Now, we will fit a multivariate linear regression for mpg on am with the additional predictors of wt and hp. We will analyze the variance with ANOVA to determine the differences.
mult <- lm(mpg~am + wt + hp, data = mt);
anova(fit, mult)
## Analysis of Variance Table
##
## Model 1: mpg ~ am
## Model 2: mpg ~ am + wt + hp
## Res.Df RSS Df Sum of Sq F Pr(>F)
## 1 30 720.90
## 2 28 180.29 2 540.61 41.979 3.745e-09 ***
## ---
## Signif. codes: 0 '***' 0.001 '**' 0.01 '*' 0.05 '.' 0.1 ' ' 1
We will use 0.05 as the type I error rate significance benchmark.

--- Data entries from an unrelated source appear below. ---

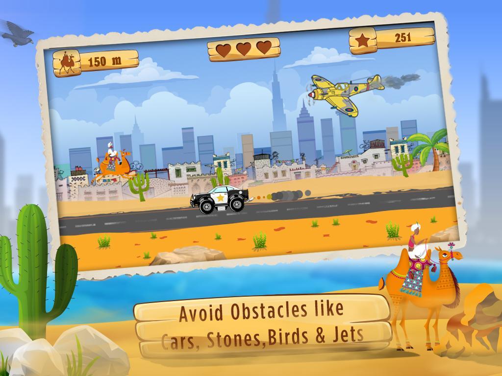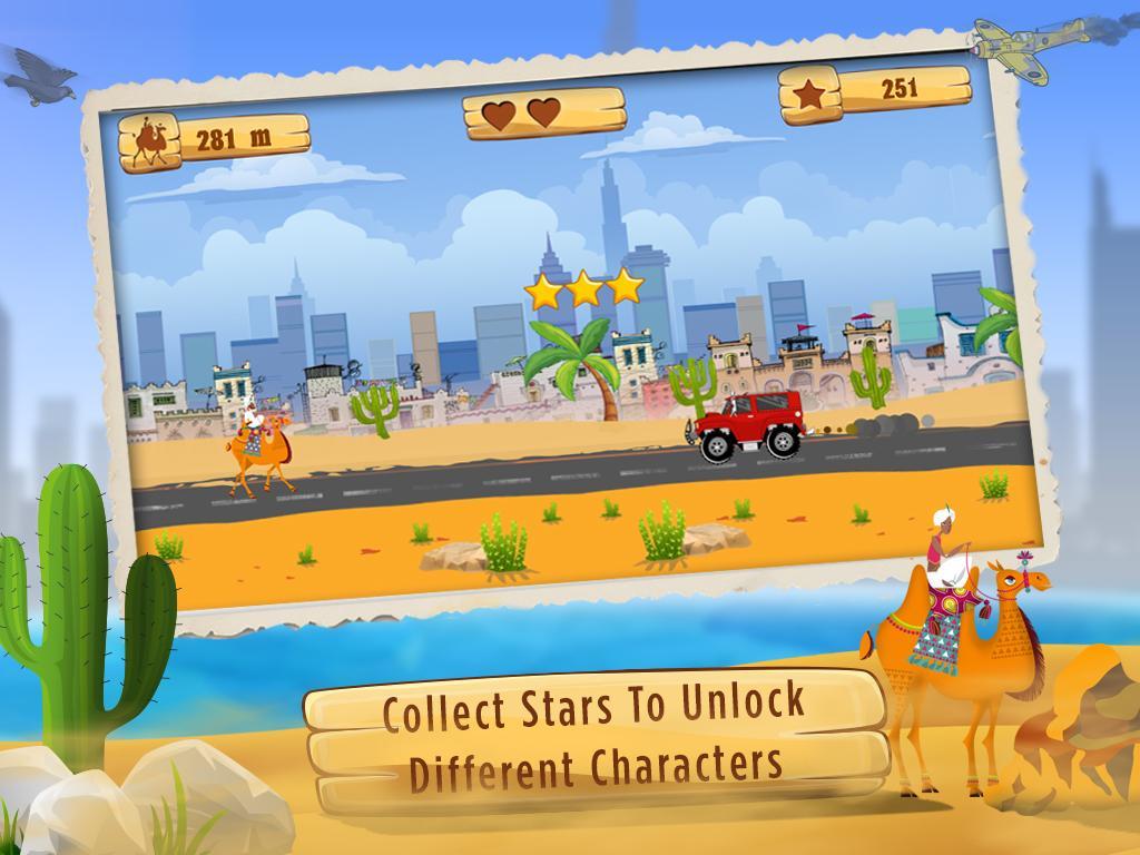 Dubai Camel Rider é um jogo de arcade cheio de ação. Escolha o seu piloto favorito e viaje pelas paisagens cênicas dos Emirados Árabes Unidos, com o famoso Burj Khalifa em segundo plano. Vá pelo tráfego como a polícia do DXB, os carros de corrida 4x4 e os caças. Sobreviva às tempestades de areia e pontue mais com a ajuda de impressionantes power-ups. É hora de um dune batendo em Dubai!
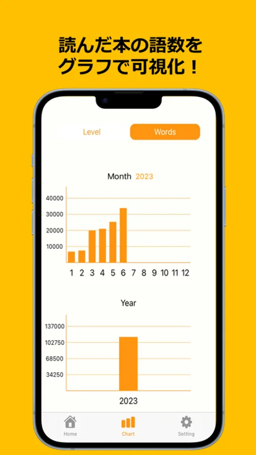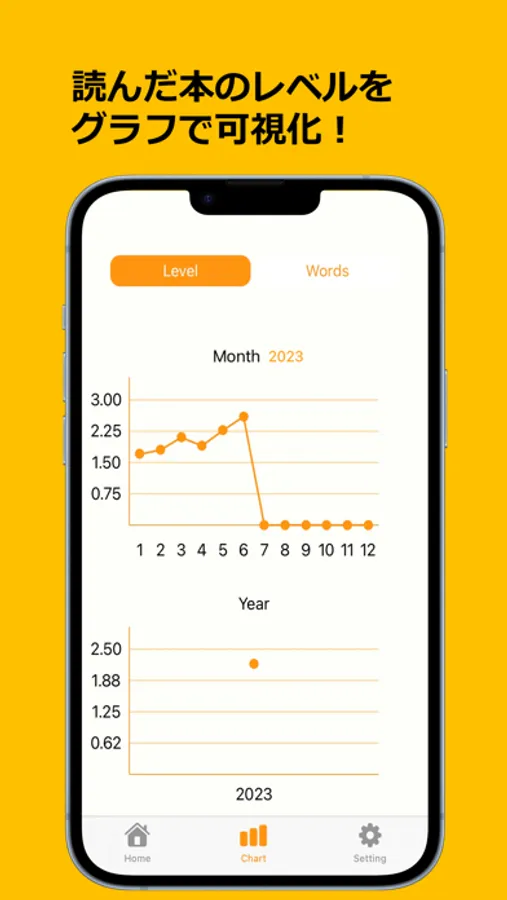 読んだ本のレベルと語数を、月・年で可視化し、グラフで見ることができます。
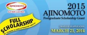 For interested applicants, log on to www.ajinomoto.com.ph for more details on the scholarship grant. Deadline for applications is on March 21, 2014. For inquiries, contact Ms. Pinky Yu at telephone numbers (02) 890-6329, 895-6081 to 89 local 346, fax number (02) 897-5766 or email address pinky_yu@ajinomoto.com.
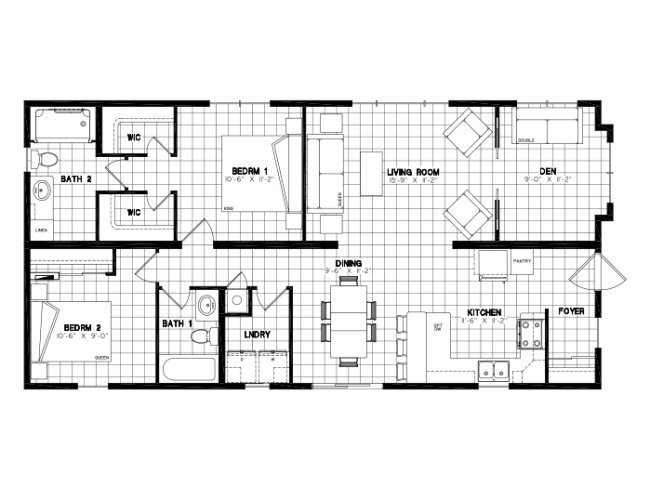 2 bed | 2 bath | 1160 sq.ft 2 Piece Unit, Manufactured Home 48' x 24' Exterior

The second model has a very small p-value of 3.745e-09, so we can reject the null hypothesis and note the difference between the intial and the multivariate model.
As part of this work, I have to check if the residuals are nice for this analysis.The results were ploted in figure 3.
summary(mult)
##
## Call:
## lm(formula = mpg ~ am + wt + hp, data = mt)
##
## Residuals:
## Min 1Q Median 3Q Max
## -3.4221 -1.7924 -0.3788 1.2249 5.5317
##
## Coefficients:
## Estimate Std. Error t value Pr(>|t|)
## (Intercept) 34.002875 2.642659 12.867 2.82e-13 ***
## amManual 2.083710 1.376420 1.514 0.141268
## wt -2.878575 0.904971 -3.181 0.003574 **
## hp -0.037479 0.009605 -3.902 0.000546 ***
## ---
## Signif. codes: 0 '***' 0.001 '**' 0.01 '*' 0.05 '.' 0.1 ' ' 1
##
## Residual standard error: 2.538 on 28 degrees of freedom
## Multiple R-squared: 0.8399, Adjusted R-squared: 0.8227
## F-statistic: 48.96 on 3 and 28 DF, p-value: 2.908e-11
The second model explains 84% (rounded) of the variance as indicated by R-squared. We see that wt and hp do confound the relationship between am and mpg. The coefficient for am shows that the manual transmission cars have 2.084 (rounded) more mpg than the automatic.